Ach ja, was bisher geschah, liest du nach in unserer Spezial-Rubrik Rattster Review Story (Staffel 1, Folge 1-8 und Staffel 2, Folge 1-2).
Für die heutige Folge wird der Soundtrack von Cats and Dinosaurs geliefert, der radikalen Swing Band aus Göteborg / Schweden, von ihrem 2024er Album „Sabotage“, erschienen bei Pacaya Records.
Dieses Mal kommt die Illustration wieder von Crizzl (Freischaffende Künstlerin und Oma gegen Rechts). Besten Dank dafür!
Klar hat Hamster auch wieder ihre Songzitat-Macke ausgelebt. Heute leicht zu erraten, mit zwei sehr bekannten Punkrock-Zeilen. Erkannt? Falls nicht, findest du die Lösung wie immer am Ende.
Viel Spaß!
Das Maul pappig, der Magen hohl, seine Pfoten krallten sich steif am Lenker der Babetta fest. Dehydriert mit Unterzucker fuhr er die nächste Kreiskurve. Der Fahrtwind war eiskalt und blies durch den Mantel hindurch tief in Rattes aufgeplustertes Fell hinein. „Auaaaaaa, mein Schädel!“, wimmerte er, als er über einen holprigen Feldweg rumpelte.

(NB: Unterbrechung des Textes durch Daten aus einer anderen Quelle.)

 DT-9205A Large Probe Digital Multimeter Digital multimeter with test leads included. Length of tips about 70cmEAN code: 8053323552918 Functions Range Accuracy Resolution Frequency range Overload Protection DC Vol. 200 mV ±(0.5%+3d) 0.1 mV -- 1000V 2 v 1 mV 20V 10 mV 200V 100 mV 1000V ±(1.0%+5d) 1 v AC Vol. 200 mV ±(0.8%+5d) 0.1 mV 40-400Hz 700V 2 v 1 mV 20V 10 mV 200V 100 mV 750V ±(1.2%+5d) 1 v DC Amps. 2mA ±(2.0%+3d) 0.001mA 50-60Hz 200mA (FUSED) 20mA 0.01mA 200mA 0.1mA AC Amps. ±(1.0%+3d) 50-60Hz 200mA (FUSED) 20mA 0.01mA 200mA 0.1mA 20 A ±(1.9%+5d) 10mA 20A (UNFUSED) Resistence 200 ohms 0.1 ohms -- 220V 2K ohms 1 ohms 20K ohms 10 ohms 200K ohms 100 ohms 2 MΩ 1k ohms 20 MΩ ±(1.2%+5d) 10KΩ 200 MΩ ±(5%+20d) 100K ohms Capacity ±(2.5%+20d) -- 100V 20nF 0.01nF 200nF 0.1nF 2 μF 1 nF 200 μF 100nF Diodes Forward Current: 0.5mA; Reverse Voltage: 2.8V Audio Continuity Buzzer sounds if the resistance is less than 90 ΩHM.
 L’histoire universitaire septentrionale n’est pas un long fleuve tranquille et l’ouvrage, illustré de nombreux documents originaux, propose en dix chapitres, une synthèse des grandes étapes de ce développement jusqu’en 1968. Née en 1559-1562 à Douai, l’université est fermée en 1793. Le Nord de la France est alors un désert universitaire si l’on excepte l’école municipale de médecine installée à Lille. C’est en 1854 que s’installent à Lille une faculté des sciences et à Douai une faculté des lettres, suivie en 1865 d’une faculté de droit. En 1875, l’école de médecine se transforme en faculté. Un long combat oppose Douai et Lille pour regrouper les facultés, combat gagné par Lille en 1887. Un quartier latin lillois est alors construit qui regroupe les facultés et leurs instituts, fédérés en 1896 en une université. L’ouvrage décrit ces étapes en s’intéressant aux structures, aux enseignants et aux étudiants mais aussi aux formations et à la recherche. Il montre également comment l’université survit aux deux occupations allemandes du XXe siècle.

Er hatte heldenhaft am frühen Morgen zurück sein wollen bei Hamster im Oldschool-Bus, die Plattensammlung als Trophäe dabei. Doch stattdessen hatte ihn längst sein schlechter Orientierungssinn gestraft. „Aus welcher Richtung bin ich nur gekommen?“, brabbelte er irritiert, als er zum dritten Mal in denselben Kreisverkehr einfuhr. „Im Kreis, im Kreis, ich fahre im Kreis!“, hatte er aufgebracht gebrüllt, doch nützen tat es nichts.

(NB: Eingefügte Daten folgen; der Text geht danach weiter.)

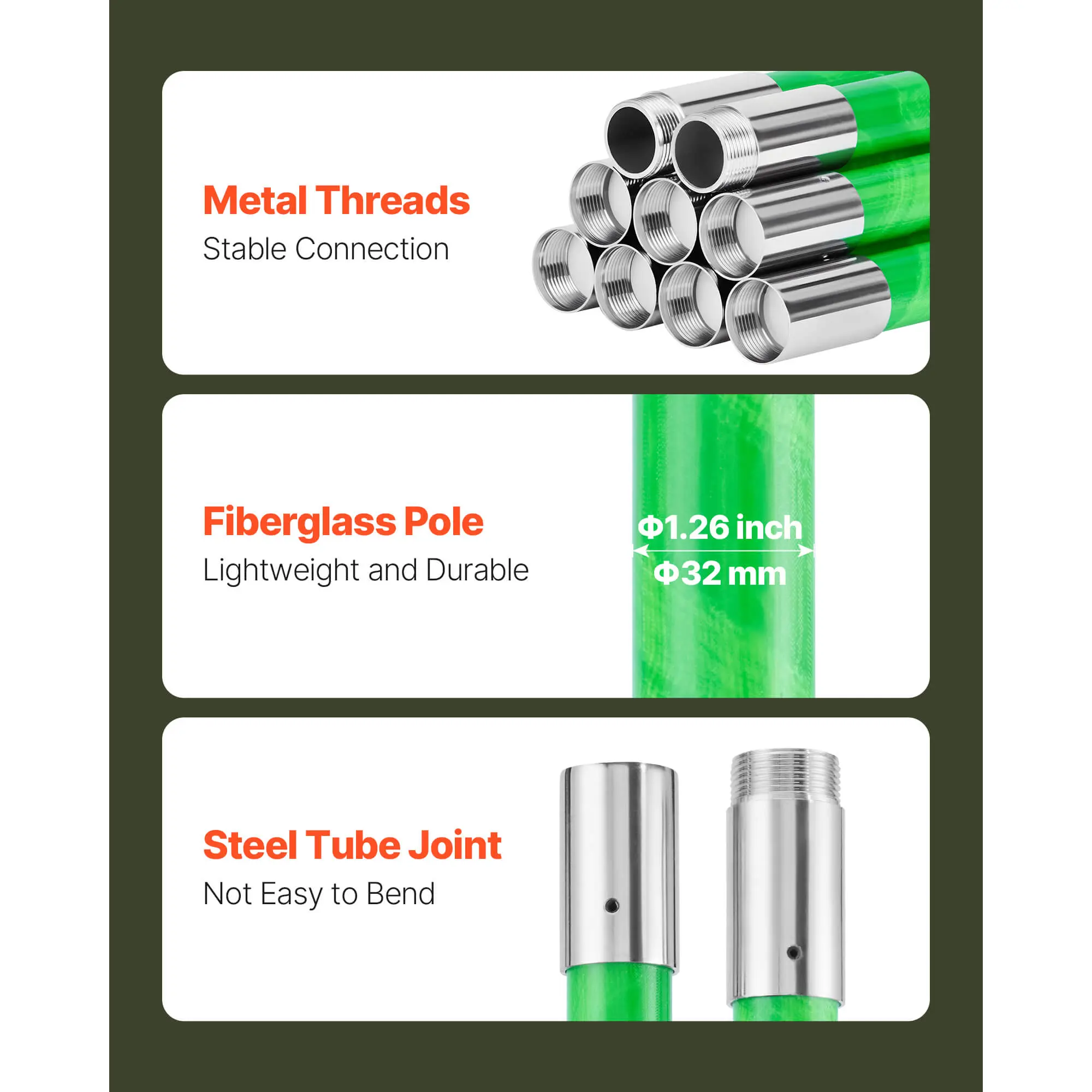 • Stable Connection: Metal-threaded connections ensure secure assembly. Lean the first section on a tree, then add additional sections. The recommended length for trimming is 20ft, about 6 poles. Wearing back support is suggested for extended use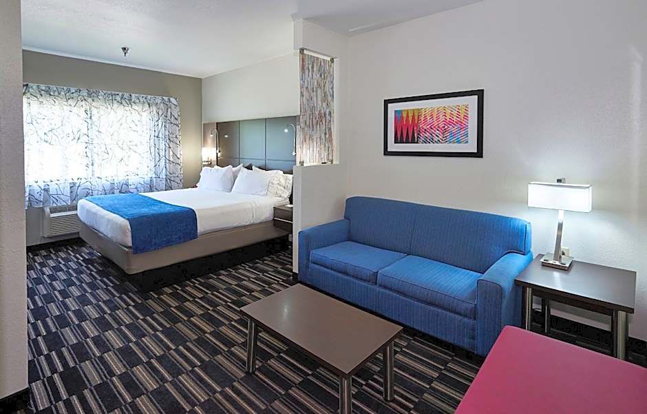 This suite includes a microwave, small refrigerator, and seating area with sofa bed.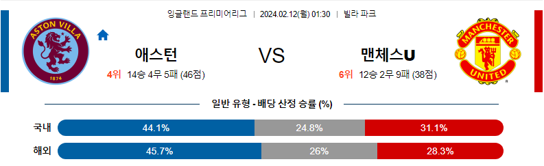 [킹콩티비] 애스턴빌라 맨유 분석 2월12일 EPL 스포츠중계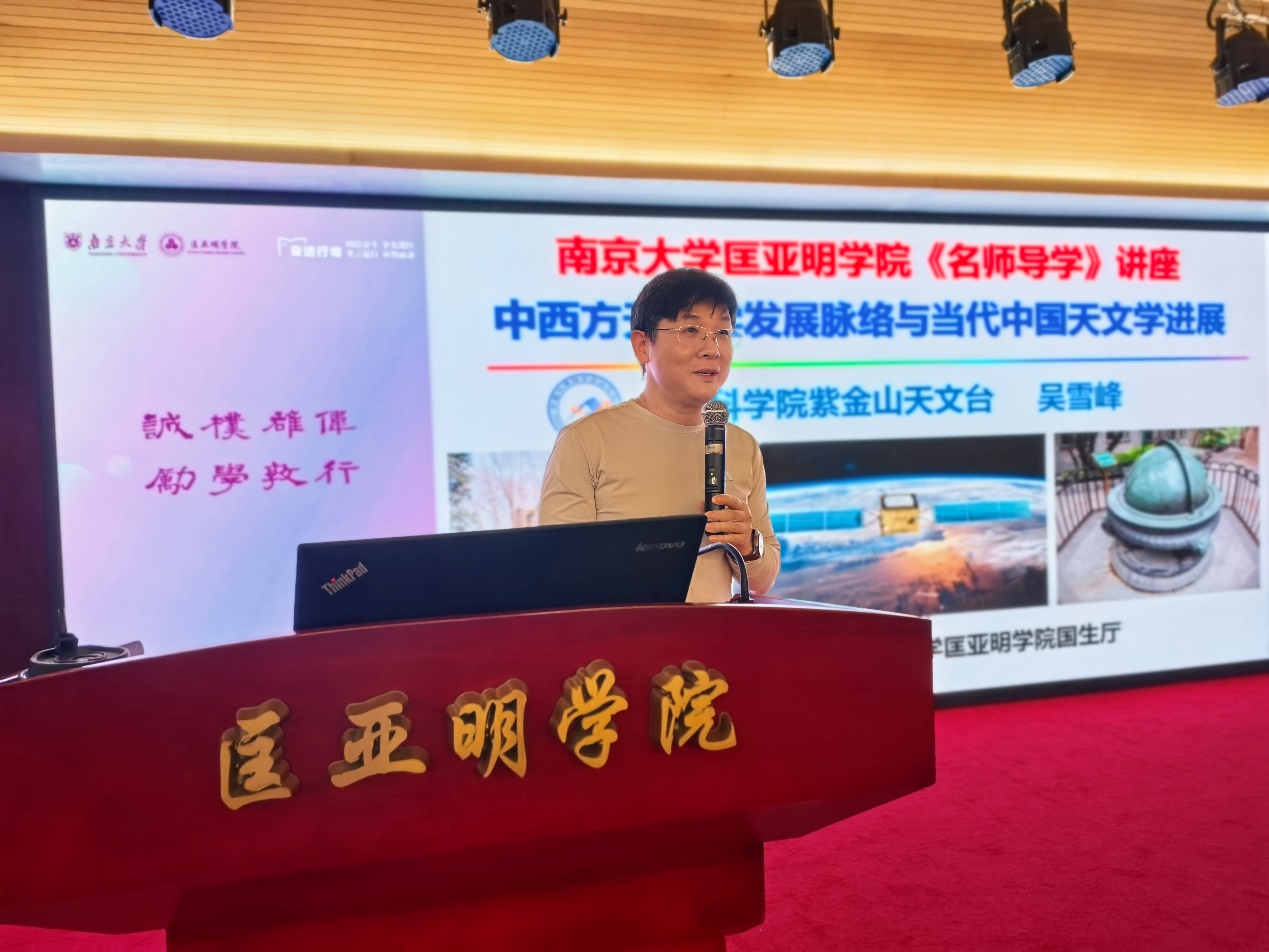 2025年9月24日下午,2025秋季学期的《名师导学》讲座、形势与政策暨“科创筑梦”党团课第二讲在太阳成集团tyc国生厅如期举行。本次讲座邀请到了中国科公司紫金山天文台副台长、太阳成集团tyc96级院友吴雪峰研究员,为太阳成集团tyc的本科生们带来题为《中西方天文学发展脉络与当代中国天文学进展》的精彩报告,并分享了他丰富的科研经历与人生感悟。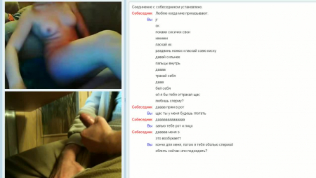 Иногда онанистам в интернете сказочно везет. На данном примере дрочер в чат-рулетке попал на такую же извращенку, которая сидела голой и ждала подходящего собеседника мужского пола для совместной мастурбации с текстовым общением. Даже несмотря на то, что велика вероятность оказаться записанной с экрана, девушка все равно рискует и показывает сиськи, после чего выполняет просьбу раздвинуть ножки и начать мастурбировать. Ей хотелось посмотреть как парень кончит и для того, чтобы ему было кайфовее, она поднесла лицо к своей камере поближе и открыла ротик. От этого фантазер быстро спустил.

Da hörte er plötzlich lustige Banjotöne aus einem nahen Waldstück klingen. „Ohhh, hier gibt’s irgendwo eine Partyyyyy!“, jubelte er und drehte am Gasgriff der Möff. Das Mofa stotterte und würgte, bäumte sich noch einmal auf und blieb dann stehen. „Oh verdammt, Sprit alle!!“, schimpfte Ratte und musste wohl oder übel auf Pedalbetrieb umschalten.
Ausgezehrt strampelnd folgte er den fröhlichen Banjoklängen. Alsbald schien Licht zwischen Bäumen hindurch und er hielt an zum Lauschen. Ein hingebungsvoller Sänger begann einen verträumten Song, der zutiefst sein Gemüt berührte. Dann setzten die verschiedensten Instrumente ein. Ratte war überwältigt, wie viele Instrumente beteiligt sein mussten, denn er meinte auch einen Kontrabass, eine Geige, ein Vibraphon, ja sogar ein Piano und Schlaginstrumente zu hören. Dies leidenschaftlich vorgetragene Lied war nur für ihn bestimmt, es bestand kein Zweifel!

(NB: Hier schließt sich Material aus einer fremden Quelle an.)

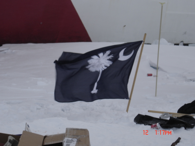 The crew of the USCGC Healy enjoy an ice liberty at the North Pole.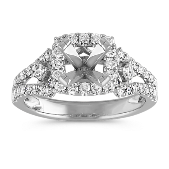 Cushion Halo Engagement Ring with Pave-Set Diamonds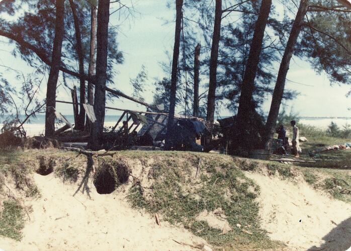 Photograph of a few people at a makeshift shelter erected under the trees off the beach at Kuantan, East Malaysia after the first refugees arrived there from Vietnam in December, 1978. The photograph is one of a series taken by PT Penkonindo employee Tim Baker. Another boat, PK 1867, arrived with refugees from Vietnam around the time this photograph was taken. They are believed to be the first refugees to arrive there from Vietnam.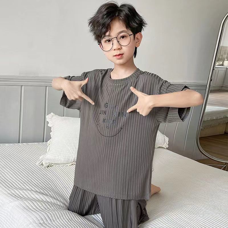 • 남아용 스마일리 얼음 실크 잠옷 8X5 세트 [그레이]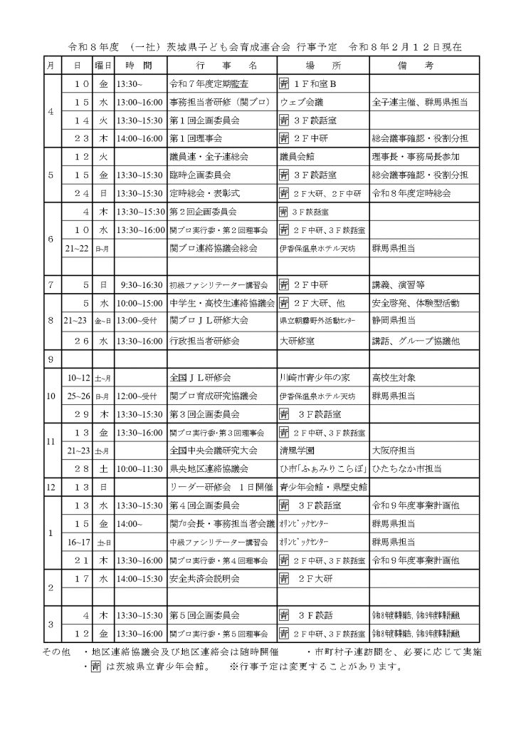 令和8年度茨子連等行事予定表⇒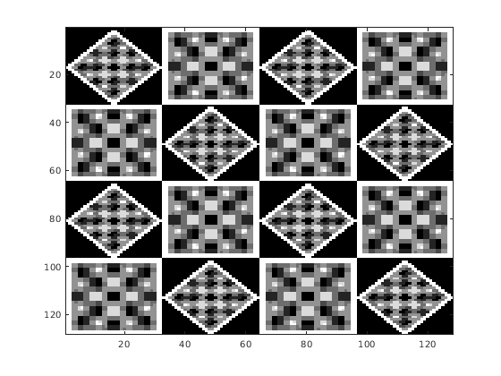 x = idwt2(cA,cH,cV,cD,wname) выполняет одноуровневую двумерную реконструкцию вейвлета на основе матрицы приближения cA и матрицы деталей cH, cV, и cD (горизонталь, вертикальная, и диагональная, соответственно), использование вейвлета задано wname. Для получения дополнительной информации смотрите dwt2.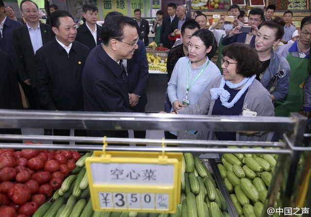 總理沿攤位不時停下細(xì)問店員各類蔬菜和豬肉價格變化,隨后對當(dāng)?shù)刎?fù)責(zé)人提出三點要求:一要保障農(nóng)產(chǎn)品供應(yīng)充足,二要保障食品安全,三要保障低保及低保邊緣困難群眾基本生活。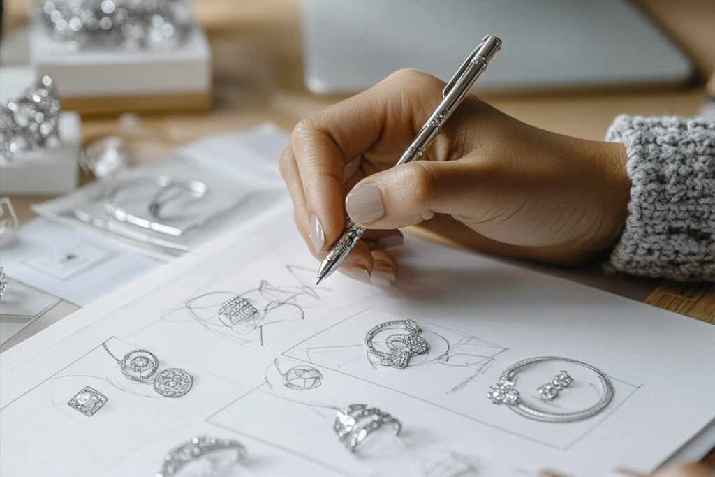 Podijelite svoju viziju s našim talentiranim dizajnerima, koji će s pažnjom slušati vaše ideje i sarađivati s vama kako bi stvorili početne skice vašeg jedinstvenog komada nakita. Tokom ovog kreativnog procesa, zajedno ćemo istražiti svaki detalj – od odabira oblika i linija do nijansi i završne obrade. Naš cilj je osigurati da svaki aspekt dizajna precizno odražava vašu osobnost i stil, stvarajući komad koji je uistinu prilagođen samo vama.

This song is for you Who never grew to old to dream This song is for you Who never followed the stream
(Übersetzung: Dieses Lied ist für dich, Der nie zu alt wurde, um zu träumen, Dieses Lied ist für dich, Der nie dem Strom folgte) This song is for you, A-Seite Sabotage, Cats and Dinosaurs
Magisch fühlte er sich vom schmelzenden Gesang und den vielfältigen Klängen mit freudigem Herzen angezogen. Er machte ein paar Wiegeschritte in Richtung der Musik. Ähnlich einer samtig schönen Singstimme über mehrere Oktaven erklang nun ein Klarinettensolo. Irgendetwas in seiner Ratten-DNA ließ sich durch dies Holzblasinstrument anlocken. „Genau wie in diesem Rattenfänger-Märchen“, dachte er kurz. Aber das war doch nur eine Geschichte! Mit der Pfote wischte er alle Bedenken weg, denn das Klarinettenspiel rief ihn zu sich, er wollte Spaß.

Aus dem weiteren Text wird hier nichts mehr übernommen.